28. 虫よけ
中々更新できずすみません。
今日はもう一話投稿しますので
お待ち下さいませ。
昨日の放課後に公開された園遊会の情報で、今日は朝から学院中がざわついていますわ。
結局、私は昨日午後から登校したのにも関わらず、教室の席に座ることなくずーっと生徒会室おりました。念のため失踪? 行方不明? になったアリアーヌ様の事を、殿下達にお伝えしようと出向いただけのつもりでしたけど、気が付けば生徒会のお手伝いをすることになりました。
園遊会のアドバイザー、と言ったところの役割みたいですわ。まあ、確かに現生徒会役員は、エレンツィード殿下を筆頭に、側近の男子生徒ばかりで構成されていますものね。学院は男女共学ですから、女性の意見も当然組み入れなければ猛反発を喰らうでしょう。
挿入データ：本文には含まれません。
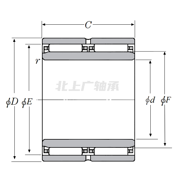 | 雙列機加工外圈滾針軸承 - 可分離型,帶內圈 - 尺寸 | |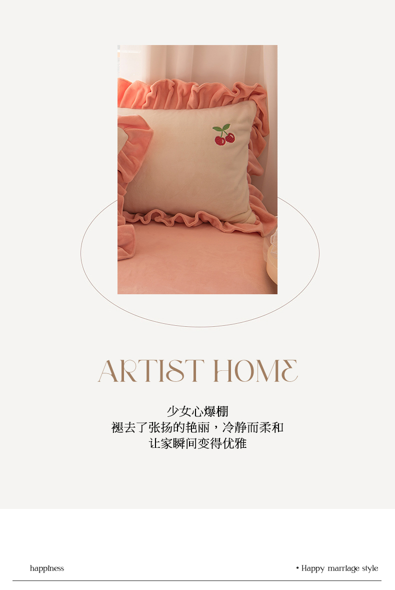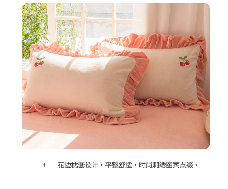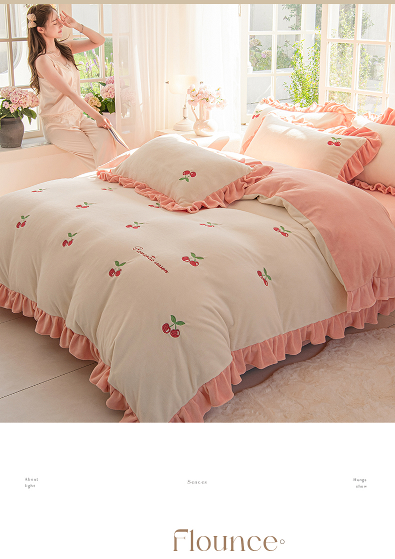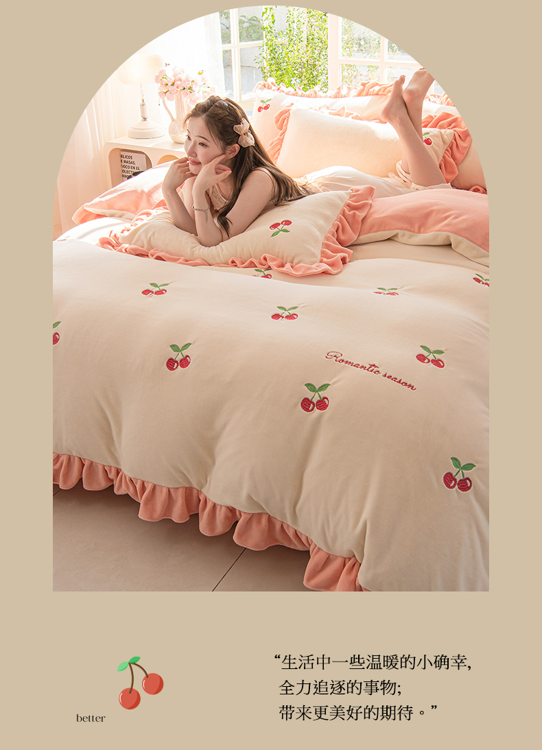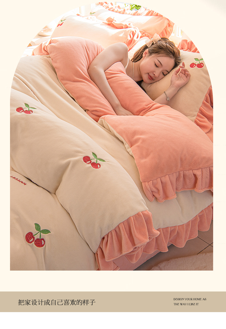 商品名称:眷恋家纺 2024新款牛奶绒花边郁金香花卉刺绣四件套 樱桃-奶昔白+浅粉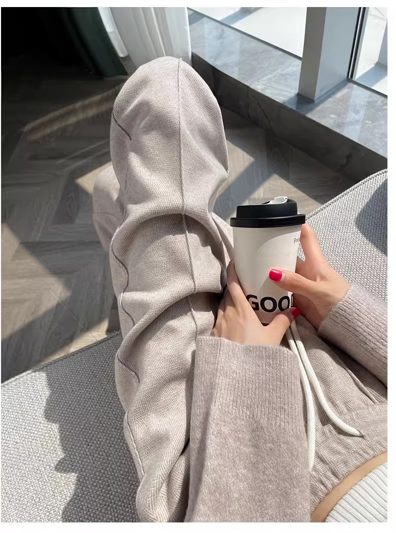 Pantalones anchos de viento perezoso para mujer otoño e invierno nuevo estilo coreano de cintura alta pantalones deportivos sueltos pantalones casuales que reducen la edad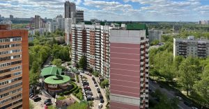 Наш дом находится на улице Глаголева, 19. Вид выходит справа на улицу Маршала Тухачевского, но дом находится в очень странном месте, на возвышенности, и из-за этого внутри дома «сбиты» этажи, то есть, если это второй этаж, на кнопке лифта написано, что он третий. Можно зайти на любой этаж, например, там будет написано 21, а на кнопке лифта — 22. Вот с этим проблема. У меня, получается, 18-й этаж по кнопке лифта, но по факту он 17-й. И это очень сильно путает всех. У меня в этом доме две квартиры. У мамы квартира на третьем этаже, то есть на втором. Там раньше жила моя бабушка, и я у нее очень часто бывала и даже жила там какое-то время, ходила отсюда в школу. Школа совсем недалеко от дома находится, я ходила пешком через парк.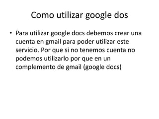 Google Docs ofrece almacenamiento en la nube y herramientas de productividad como procesadores de texto y presentaciones para colaborar y compartir documentos desde cualquier dispositivo. Para usar Google Docs se requiere una cuenta de Gmail, ya que es un complemento de Gmail que permite subir y editar documentos, hojas de cálculo y presentaciones en la nube para trabajar en grupo de forma remota.

ましてそれが、学生とは言えミニ社交会の様な位置付けのイベントですもの。女生徒の期待は大きいですわ。
「という事で、2ヵ月後の園遊会は、妖精達の集う仮面園遊会と題して行われる。ついては、生徒会役員に加え、カテシーナ・ハントルーク嬢とヴィヴィエット・レベンデール嬢にもアドバイザーとして参加してもらう事とした」
今、私は全校生徒の前で、生徒会役員たちと共に壇上にいるのです。ええ、全校生徒集会です。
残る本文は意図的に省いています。